# Hilfestellung bei Tabletkauf



## LukaLutschi (25. Juni 2020)

Hallo zusammen,

 

ich bin ganz neu hier bei buffed also erst einmal ein herzliches "Hallo!" an alle 

 

Einen Forumseintrag der auf meine Frage passt habe ich nicht gefunden deswegen hier die Frage:

 

Da ich absolut keine Ahnung von Tablets habe und noch nie eins zuvor besitzt habe, würde ich mich freuen, wenn Ihr mir hier einige Tipps bzw. Empfehlungen geben könntet.

 

Hier die Eckdaten die ich geben kann:

 

Ich werde das Tablet hauptsächlich für Medienwiedergabe (Youtube,Netflix ect.) und meine Vorlesungen an der Uni nutzen.

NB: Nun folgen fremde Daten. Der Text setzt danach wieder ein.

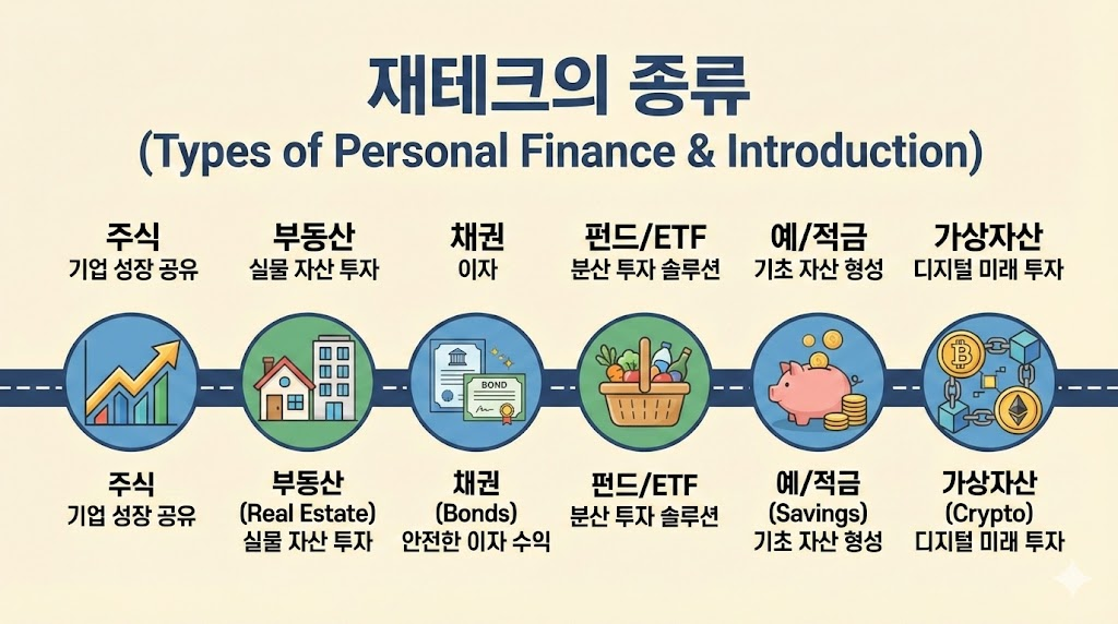 예금·적금처럼 안정적인 방법부터 주식·부동산·펀드 같은 투자 방식, 그리고 세금 절감이나 지출 관리까지도 모두 재테크에 포함됩니다.
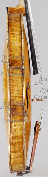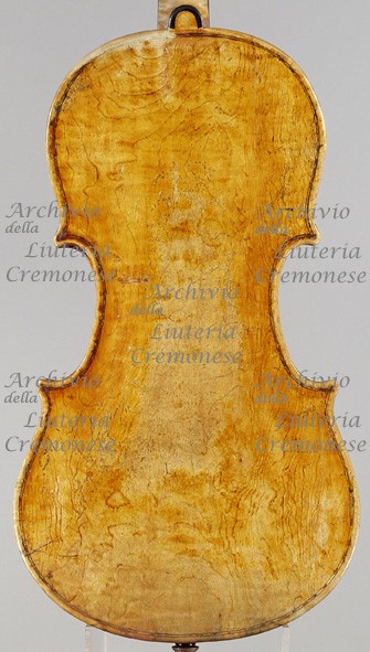 Fondo in un pezzo d'acero riccio a taglio tangenziale e marezzatura molto tenue ondulata quasi orizzontale.

Deswegen wäre es wichtig, dass das Tablet einen Eingabestift und gute Text bzw. PDF Bearbeitungsprogramme unterstützt.

Preislich wäre meine Obergrenze bei 500-600 €. Jedoch bin ich mir eben nicht sicher ob meine Anforderungen nicht auch schon von einem billigeren Tablet erfüllt werden. Über die Bildschirmgröße bin ich mir noch im Unklaren. Außerdem lässt sich noch sagen, dass ich einen Windowsrechner und ein Android-Smartphone besitze. An Cloud Services nutze ich (wenn überhaupts) Google Drive und Dropbox. Deswegen wäre ein I-Pad (wahrscheinlich?!) eher ungeeignet.

 

Wenn Ihr mir Tipps und Empfehlungen geben könnt würde ich mich riesig freuen!

 

LG

 

Luka


----------



## GameBoy90 (25. September 2020)

Hey Luka!

 

Wenn du die unsicher bist, welches Tablet zu dir passt, kann es auch hilfreich sein mal ein wenig im Internet zu recherchieren und sich Bewertungen von Kunden durchzulesen. Wenn du das Tablet hauptsächlich für die Uni und für Textprogramme benutzen möchtest, muss es auf jeden Fall nicht das neuste High-End-Modell sein. Schaue doch mal bei diesem Ratgeber: https://www.***/tablet-mit-stift-test/

 

Hier werden einige hilfreiche Tipps zum Finden des richtigen Tablets gegeben


----------



## pclady0815 (12. Dezember 2020)

Hi Luka,

 

falls du bist jetzt noch kein Tablet gefunden hast, kann ich dir auf jeden Fall ein iPad empfehlen.

Dabei reicht auch das ganz normale, sodass du mit max. 400 € dabei bist.

 

Ich hoffe ich konnte dir noch helfen.

 

Liebe Grüße


----------



## bufferduff4 (8. Januar 2021)

Hallo miteinander, 

 

ich als bekennender Apple-Fan kann dir ein iPad mit Apple Pencil wärmstens empfehlen. Ich habe mir selbst eins letztes Jahr für die Uni geholt und möchte es seitdem nicht mehr missen. Notizen sind mit dem Pencil einfach zu schreiben und sind alle an einem Ort gespeichert und immer dabei. Ein absoluter Pluspunkt in meinen Augen. 

 

Vg


----------